## What is required
Would you transcribe exactly the lines from the one containing "Fig. 1. Estado" to the last line of the data below, both ends included, but none of the pictures?

## Dataset content
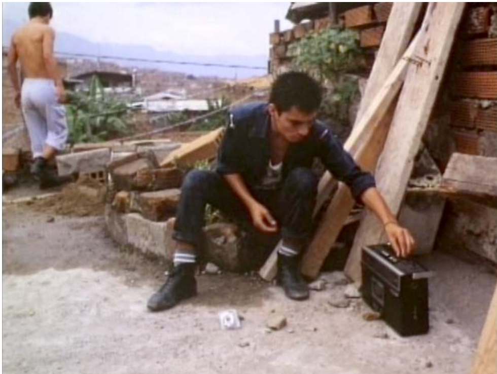
Figura 1. Rodrigo D: no futuro (1990), de Víctor Gaviria

Este tiempo es situacional, epocal: da al territorio un drama, un conflicto o una situación determinada que se juega en un periodo de tiempo. La película colombiana Rodrigo D. No futuro (1990), de Víctor Gaviria [Figura 1], gira en torno a grupos de jóvenes punks de Medellín, a fines de los años ochenta, cuando la violencia del narcotráfico y la figura de Pablo Escobar asolaban la ciudad. Gaviria organizó un guion y puso a actuar a jóvenes de la ciudad, bajo una banda sonora compuesta por los grupos punk y metal que habitaban los cerros de Medellín. La película ha sido cuestionada (Oquendo, 2018) pues vincula la sensibilidad punk al sicariato, vínculo repudiado por algunas de las comunidades punks de la época. Ahora bien, en términos de composición cinematográfica, el uso musical define la sensibilidad epocal del territorio. El conflicto entre las fuerzas opresoras y los deseos truncados de la comunidad que habita en un tiempo determinado el espacio donde ellas operan genera una sensibilidad representada por la música. La música es caracterización espacio-temporal. La música caracteriza una época del territorio a través de la sensibilidad que lo habita. Por lo general, da al territorio un carácter subjetivo, a la manera en que Friedrich Hegel [1826] (2006) comprendía el sonido: interioridad. El espacio se vuelve territorio cuando una subjetividad histórica lo define.
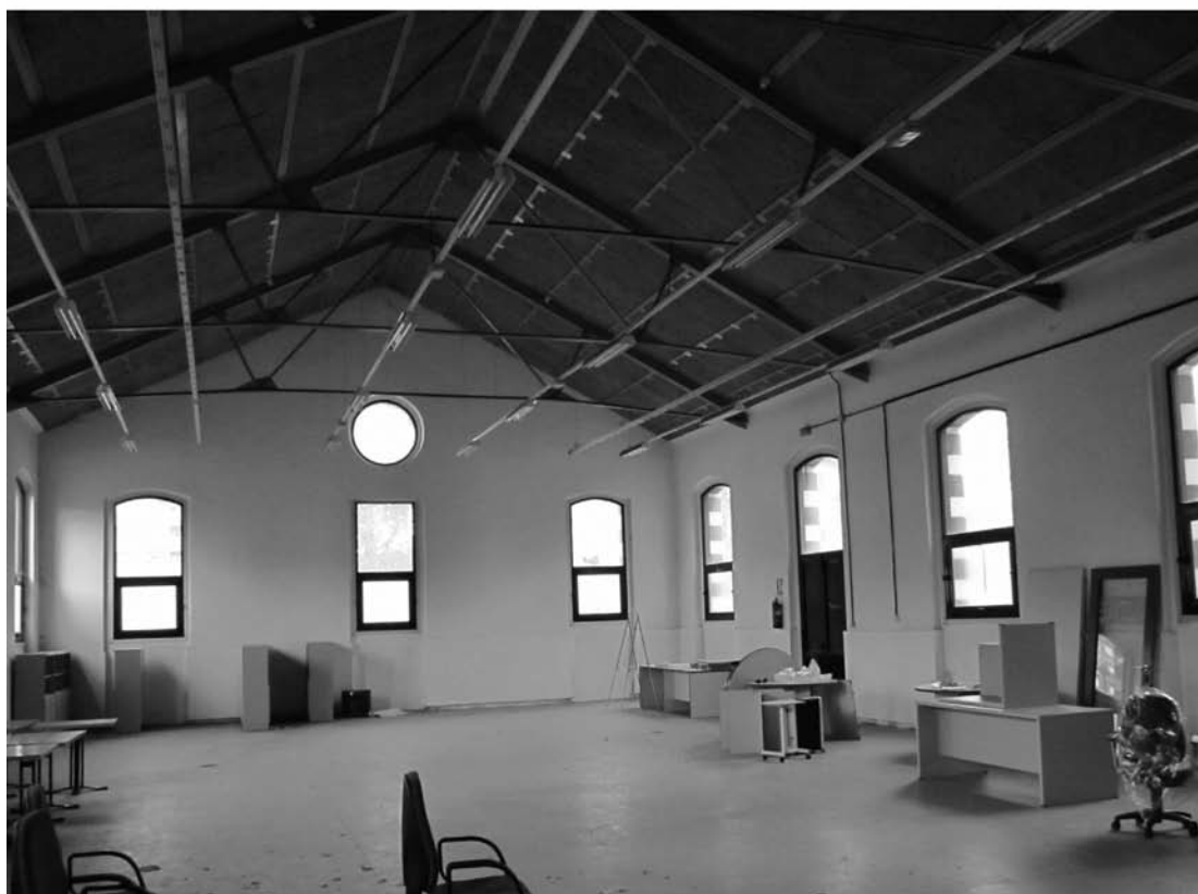
Fig. 1. Estado previo a la reforma de la nave-taller 115. Arriba, fachada y abajo, espacio interior objeto de la reforma.
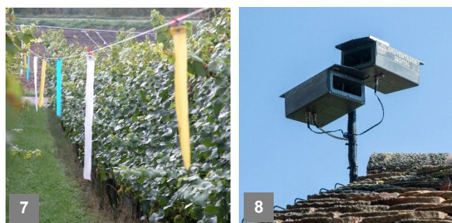
7. Effarouchement optique avec système Bächli

Le garde-vigne est le plus ancien et l'un des meilleurs moyens de lutte contre les oiseaux. Cette méthode est encore utilisée avec succès, principalement dans les grandes régions viticoles. Les garde-vignes, équipés d'armes chargées à blanc, patrouillent régulièrement le vignoble et effarouchent de manière ciblée les oiseaux présents, notamment les étourneaux.
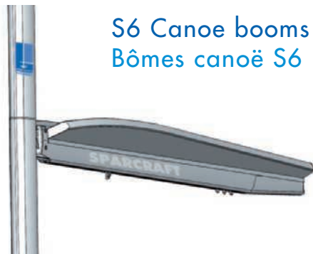
S6 Canoe booms Bômes canoë S6
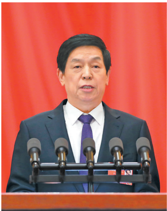
3月8日,十三届全国人大五次会议在北京人民大会堂举行第二次全体会议。受全国人大常委会委托,栗战书委员长向大会报告全国人大常委会工作。

习近平李克强汪洋王沪宁赵乐际韩正王岐山等出席 栗战书作全国人大常委会工作报告 听取和审议最高人民法院工作报告和最高人民检察院工作报告

## Solution to this problem
Fig. 1. Estado previo a la reforma de la nave-taller 115. Arriba, fachada y abajo, espacio interior objeto de la reforma.
7. Effarouchement optique avec système Bächli

Le garde-vigne est le plus ancien et l'un des meilleurs moyens de lutte contre les oiseaux. Cette méthode est encore utilisée avec succès, principalement dans les grandes régions viticoles. Les garde-vignes, équipés d'armes chargées à blanc, patrouillent régulièrement le vignoble et effarouchent de manière ciblée les oiseaux présents, notamment les étourneaux.
S6 Canoe booms Bômes canoë S6
3月8日,十三届全国人大五次会议在北京人民大会堂举行第二次全体会议。受全国人大常委会委托,栗战书委员长向大会报告全国人大常委会工作。

习近平李克强汪洋王沪宁赵乐际韩正王岐山等出席 栗战书作全国人大常委会工作报告 听取和审议最高人民法院工作报告和最高人民检察院工作报告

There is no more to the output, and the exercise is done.